As climate change begins to affect the continental United States, building pros must consider increasing threats of severe weather and changes in stormwater patterns when constructing new homes and communities. They now have a new tool to help understand how these issues will affect them and the houses they build.
As part of President Obama’s Climate Action Plan Virtual Climate Resilience Toolkit, the EPA has released a Climate Adjustment Tool for its Stormwater Management Model (SWMM), a widely used online simulation program. The new Climate Adjustment Tool allows engineers and planners to evaluate the performance of water infrastructure while considering future climate change projections, such as more frequent high-intensity storms and changes in evaporation rates of seasonal precipitation, to determine the benefits of resiliency decisions to reduce local economic burden and protect communities.
The new tool will enable users to add climate projections to existing simulations to determine the quality of water traveling through traditional infrastructure such as gutters, storm drains, pipes, channels, collection tanks, and storage devices. The tool also has the ability to model the performance of green infrastructure practices, including permeable pavement, rain gardens, and green roofs.
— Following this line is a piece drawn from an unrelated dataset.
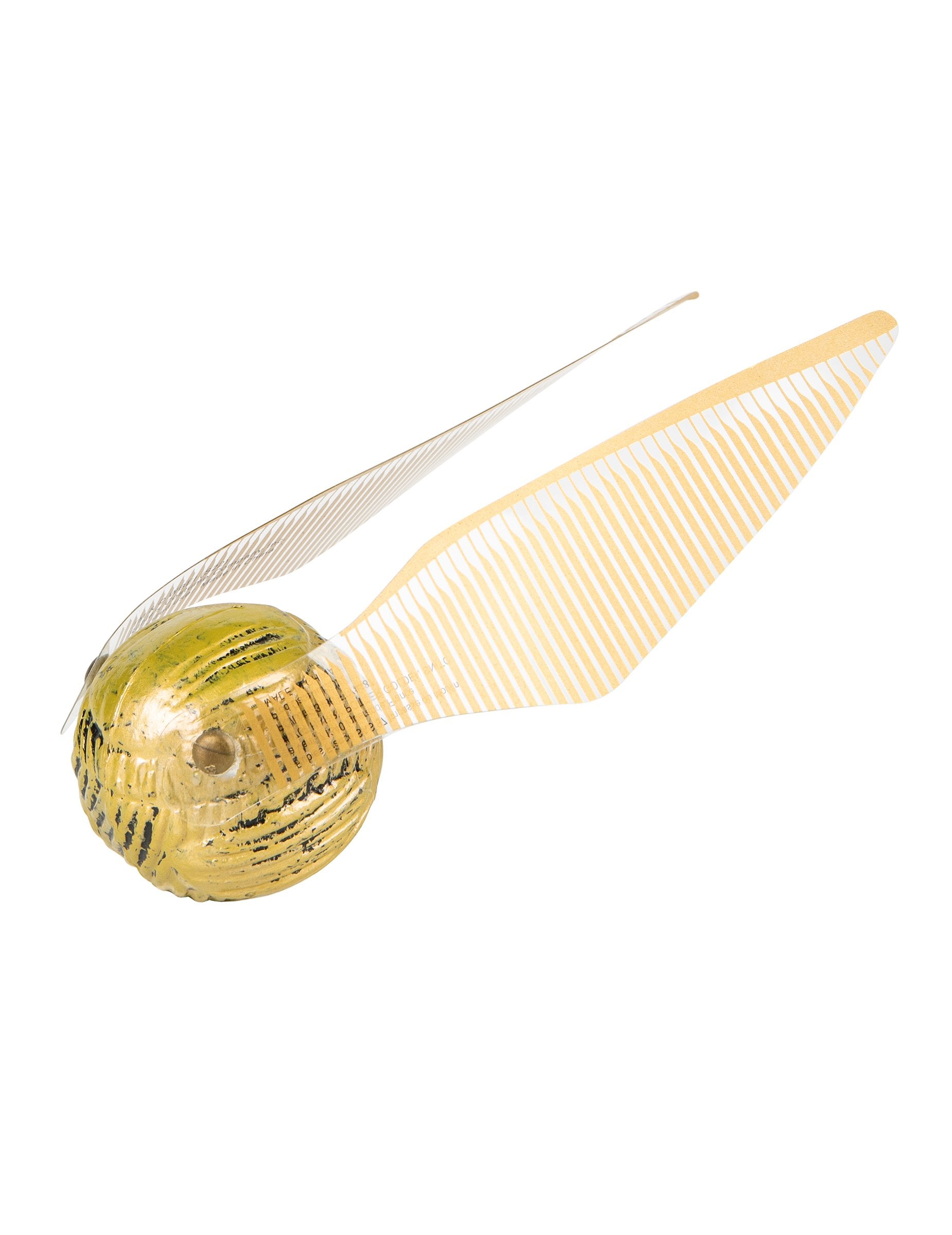 Този ярко злато аксесоар Хари Потър е под официален лиценз. Тази малка пластмасова топка е кръгла и крилата. Той представя златен цвят и бели крила със златна граница, които са твърди. Златният Хари Потър може перфектно да завърши прикриването ви от Хари Потър или този на ученик от най -известната школа за магьосници, по повод карнавала или за вечер, прикрита по темата за Хогуортс.

Engineers and planners are able to accurately represent any combination of traditional and green infrastructure practices within an area to determine their effectiveness in managing stormwater and combined sewer overflows in their community.
Stormwater runoff is a major environmental problem resulting in flooding, erosion, and contaminated waters, according to the EPA. The Climate Adjustment Tool can help users make planning, analysis, and design decisions that will guard against the impacts of climate change, says EPA administrator Gina McCarthy.
“Climate change means increased risks to our health, our economy, and our environment,” she saysEPA Administrator Gina McCarthy. “But with the president’s Climate Action Plan, the agency is taking action to advance science-based technology, such as the addition of the Climate Adjustment Tool, to help state and local planners combat the impacts of climate change, especially significant economic burden from severe weather, and protect communities through sustainability and resiliency measures.”
EPA's SWMM is used throughout the world for stormwater runoff reduction planning, analysis and design of combined and sanitary sewers, and other drainage systems. Originally released decades ago, SWMM is now used in thousands of communities throughout the world, including as the core modeling engine in cities such as Philadelphia, Cincinnati, Indianapolis, and Seattle.